EXCERPTED RECORDS Block Start
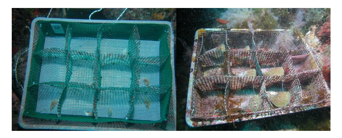
Fig. 5 . Left. Juveniles just extracted from the collectors and placed in the protection cage (in the field). Right. Pinna nobilis individuals of approx. 2-3 years of age in the protection cage. Notice the photographs have been taken without the mesh protection covering the cages.

Juveniles can be placed in protection cages in the field where they will continue growing, giving the possibility of re-implanting them in suitable substrata when a certain size is reached (Fig. 5). See Kersting & García-March (2017) for further information.
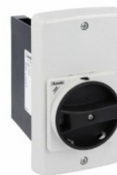
Flush mount enclosures IP65 for SM1R (UL type 4X) SM1Z Flush mount enclosures IP65 for SM1R (UL type 4X) SM1R...
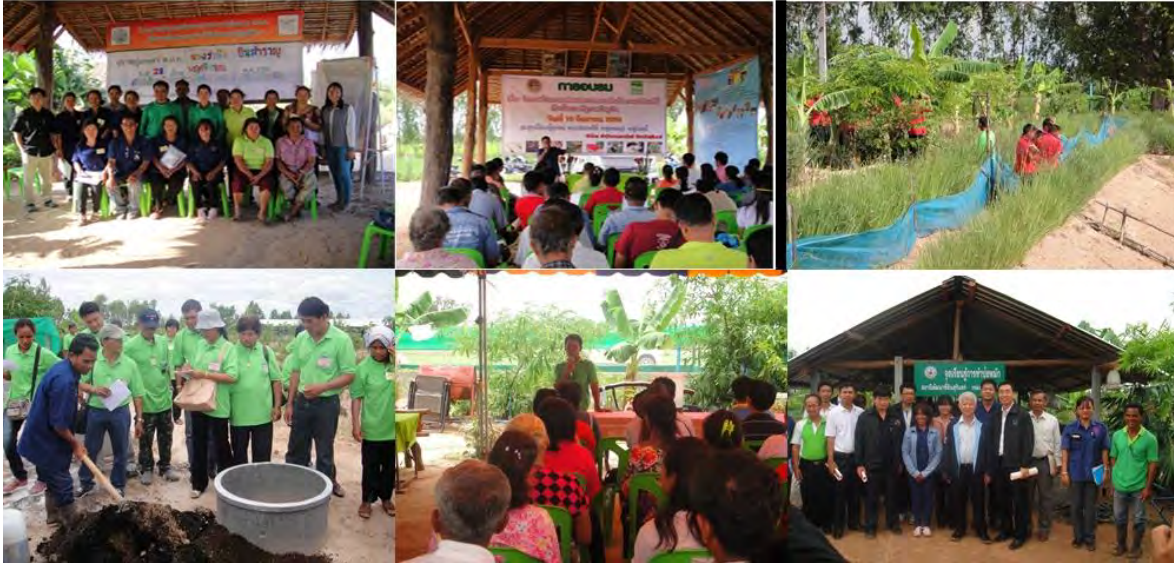
Figure 9 Training and knowledge sharing for students, farmers, Governments and Organizations visited this here

Presently many students and farmer in the nearby areas have arranged study tours and visits to the learning center in order to inquire and request for support of vetiver tillers of various ecotype. In this regards, the learning center has responded to the visitors request as best as they can.
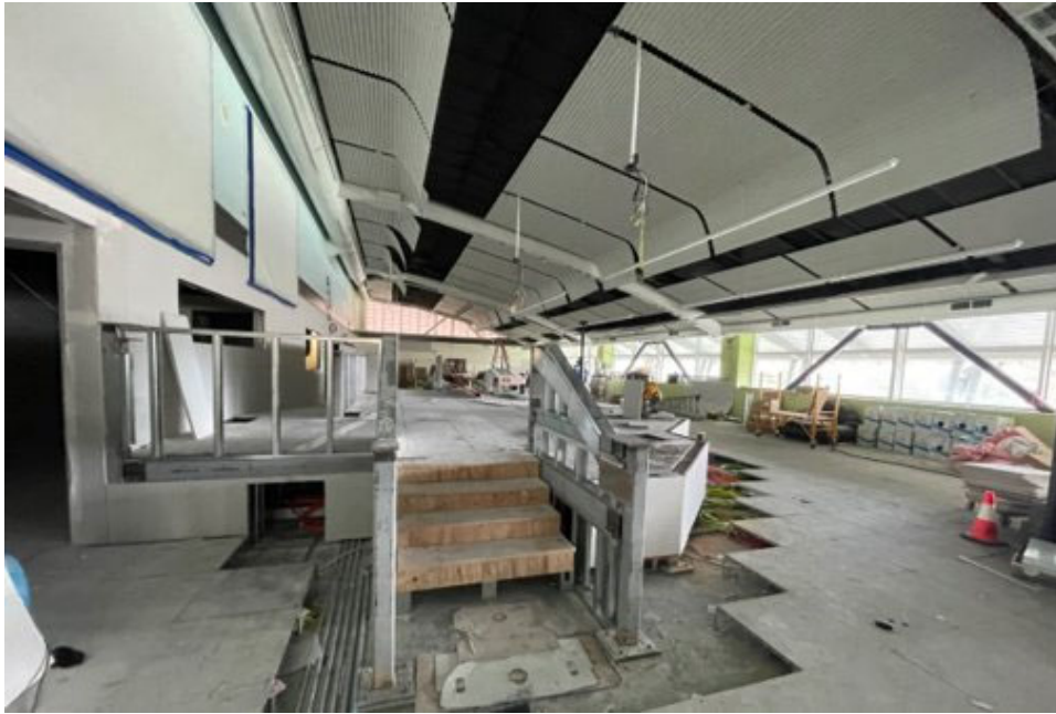
911 Call Center at City's Emergency Operations Center
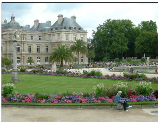
People relaxing at the Luxembourg Gardens in Paris.

JPPF195 INTENSIVE ORAL & WRITTEN FRENCH (4 credits). Introductory French language focusing on practical phrases and comprehension. Taught in French by a Skidmore Center instructor.
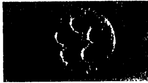
Ersin Multicore 5-core solder
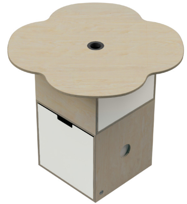
ACTIVE Table top flower Ø80
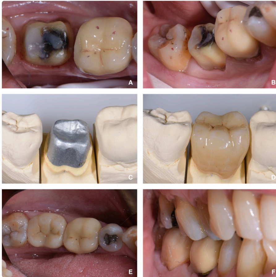
Figure 6: Previously diagnosed Cracked Tooth Syndrome 47 with full coverage crown. A) Occlusal view 47. B) Buccal view 47. C) 47 working die. D) 47 zirconia crown on cast. E) Occlusal view of restored 47. F) Buccal view restored 47.
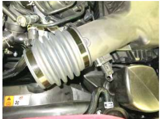
b. Install the bellows coupler and clamps on the airbox.
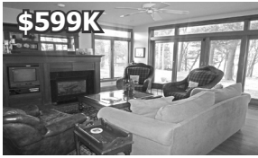
1289 So. Shore Drive
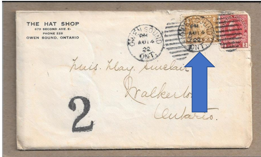
1c Excise Tax stamp used to pay 1c War Tax assessed twice the deficiency
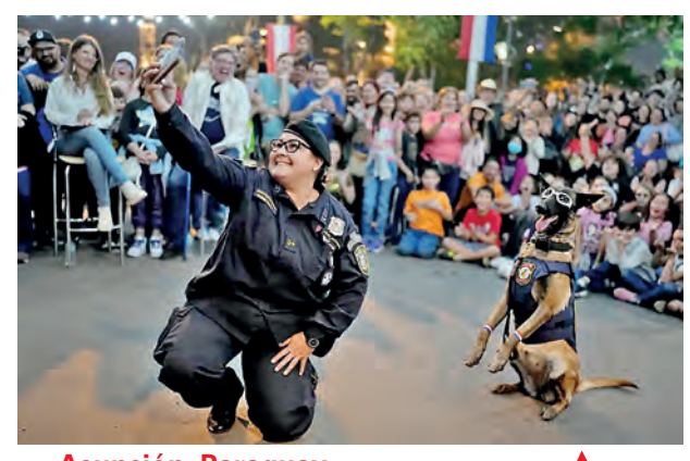
Asunción, Paraguay A police dog instructor poses for a selfie with her dog during a display.
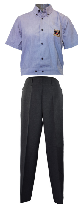
Short Sleeve Banded Shirt and Tailored Trousers
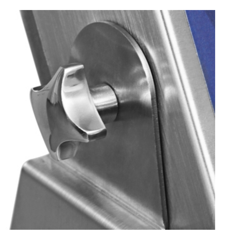
STAINLESS steel inclination adjustment system
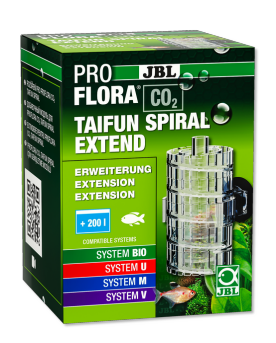
JBL PROFLORA CO2 TAIFUN SPIRAL EXTEND

Expandable CO2 reactor for freshwater aquariums
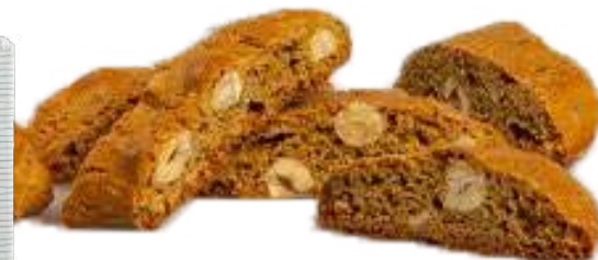
Hazelnut w/ Chestnut Flour Cantucci
EXCERPTED RECORDS Block End
> TO DO:
Which lines run from the one containing "JBL PROFLORA CO2 TAIFUN SPIRAL EXTEND" to the end of the data above? Set down those lines exactly, and only those, without any pictures.

> ANSWER SECTION:
JBL PROFLORA CO2 TAIFUN SPIRAL EXTEND

Expandable CO2 reactor for freshwater aquariums
Hazelnut w/ Chestnut Flour Cantucci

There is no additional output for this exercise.